PROBLEM DESCRIPTION — Everything before the line containing "- 【Easy Clean" is to be left out; repeat that line and all lines after it exactly, to the end of the data.

_ _ _ _ _

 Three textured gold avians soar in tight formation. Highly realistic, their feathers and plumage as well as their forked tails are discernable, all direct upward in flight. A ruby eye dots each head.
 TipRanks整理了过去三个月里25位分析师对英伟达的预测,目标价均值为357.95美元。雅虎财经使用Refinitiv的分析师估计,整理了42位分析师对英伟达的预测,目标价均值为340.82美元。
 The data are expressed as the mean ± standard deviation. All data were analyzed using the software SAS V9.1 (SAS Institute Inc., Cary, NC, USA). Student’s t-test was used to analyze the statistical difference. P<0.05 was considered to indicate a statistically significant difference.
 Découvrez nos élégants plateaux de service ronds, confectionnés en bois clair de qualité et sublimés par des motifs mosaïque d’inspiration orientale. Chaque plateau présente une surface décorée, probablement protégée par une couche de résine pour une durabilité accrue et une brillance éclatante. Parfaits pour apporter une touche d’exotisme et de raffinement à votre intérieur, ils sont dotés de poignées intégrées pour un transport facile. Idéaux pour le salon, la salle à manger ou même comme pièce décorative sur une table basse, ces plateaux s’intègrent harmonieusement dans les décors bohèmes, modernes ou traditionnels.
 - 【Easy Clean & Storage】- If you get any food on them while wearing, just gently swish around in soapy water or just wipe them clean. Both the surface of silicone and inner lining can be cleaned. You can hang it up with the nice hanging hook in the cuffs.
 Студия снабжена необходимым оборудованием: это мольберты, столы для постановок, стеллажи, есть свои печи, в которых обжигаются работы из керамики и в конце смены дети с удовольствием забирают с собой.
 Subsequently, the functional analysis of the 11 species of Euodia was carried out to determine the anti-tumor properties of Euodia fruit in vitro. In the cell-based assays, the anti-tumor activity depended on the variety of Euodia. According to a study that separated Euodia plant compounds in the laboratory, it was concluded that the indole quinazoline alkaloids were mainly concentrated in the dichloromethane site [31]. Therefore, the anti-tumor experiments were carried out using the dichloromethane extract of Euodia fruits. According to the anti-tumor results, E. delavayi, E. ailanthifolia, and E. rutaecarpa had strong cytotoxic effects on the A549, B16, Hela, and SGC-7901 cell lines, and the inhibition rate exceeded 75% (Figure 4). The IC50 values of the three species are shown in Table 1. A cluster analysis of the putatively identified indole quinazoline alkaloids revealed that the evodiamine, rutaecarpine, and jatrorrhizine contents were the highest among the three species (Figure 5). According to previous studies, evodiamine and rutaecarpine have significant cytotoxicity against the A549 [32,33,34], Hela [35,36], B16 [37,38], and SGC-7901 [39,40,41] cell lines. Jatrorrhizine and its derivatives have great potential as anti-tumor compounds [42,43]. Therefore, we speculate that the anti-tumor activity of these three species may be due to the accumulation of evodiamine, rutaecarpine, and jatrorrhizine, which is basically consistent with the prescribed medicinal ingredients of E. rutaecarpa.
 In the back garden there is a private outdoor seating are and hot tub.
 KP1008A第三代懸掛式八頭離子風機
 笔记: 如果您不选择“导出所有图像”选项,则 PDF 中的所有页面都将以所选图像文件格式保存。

_ _ _ _ _

WRITTEN REPLY —
 - 【Easy Clean & Storage】- If you get any food on them while wearing, just gently swish around in soapy water or just wipe them clean. Both the surface of silicone and inner lining can be cleaned. You can hang it up with the nice hanging hook in the cuffs.
 Студия снабжена необходимым оборудованием: это мольберты, столы для постановок, стеллажи, есть свои печи, в которых обжигаются работы из керамики и в конце смены дети с удовольствием забирают с собой.
 Subsequently, the functional analysis of the 11 species of Euodia was carried out to determine the anti-tumor properties of Euodia fruit in vitro. In the cell-based assays, the anti-tumor activity depended on the variety of Euodia. According to a study that separated Euodia plant compounds in the laboratory, it was concluded that the indole quinazoline alkaloids were mainly concentrated in the dichloromethane site [31]. Therefore, the anti-tumor experiments were carried out using the dichloromethane extract of Euodia fruits. According to the anti-tumor results, E. delavayi, E. ailanthifolia, and E. rutaecarpa had strong cytotoxic effects on the A549, B16, Hela, and SGC-7901 cell lines, and the inhibition rate exceeded 75% (Figure 4). The IC50 values of the three species are shown in Table 1. A cluster analysis of the putatively identified indole quinazoline alkaloids revealed that the evodiamine, rutaecarpine, and jatrorrhizine contents were the highest among the three species (Figure 5). According to previous studies, evodiamine and rutaecarpine have significant cytotoxicity against the A549 [32,33,34], Hela [35,36], B16 [37,38], and SGC-7901 [39,40,41] cell lines. Jatrorrhizine and its derivatives have great potential as anti-tumor compounds [42,43]. Therefore, we speculate that the anti-tumor activity of these three species may be due to the accumulation of evodiamine, rutaecarpine, and jatrorrhizine, which is basically consistent with the prescribed medicinal ingredients of E. rutaecarpa.
 In the back garden there is a private outdoor seating are and hot tub.
 KP1008A第三代懸掛式八頭離子風機
 笔记: 如果您不选择“导出所有图像”选项,则 PDF 中的所有页面都将以所选图像文件格式保存。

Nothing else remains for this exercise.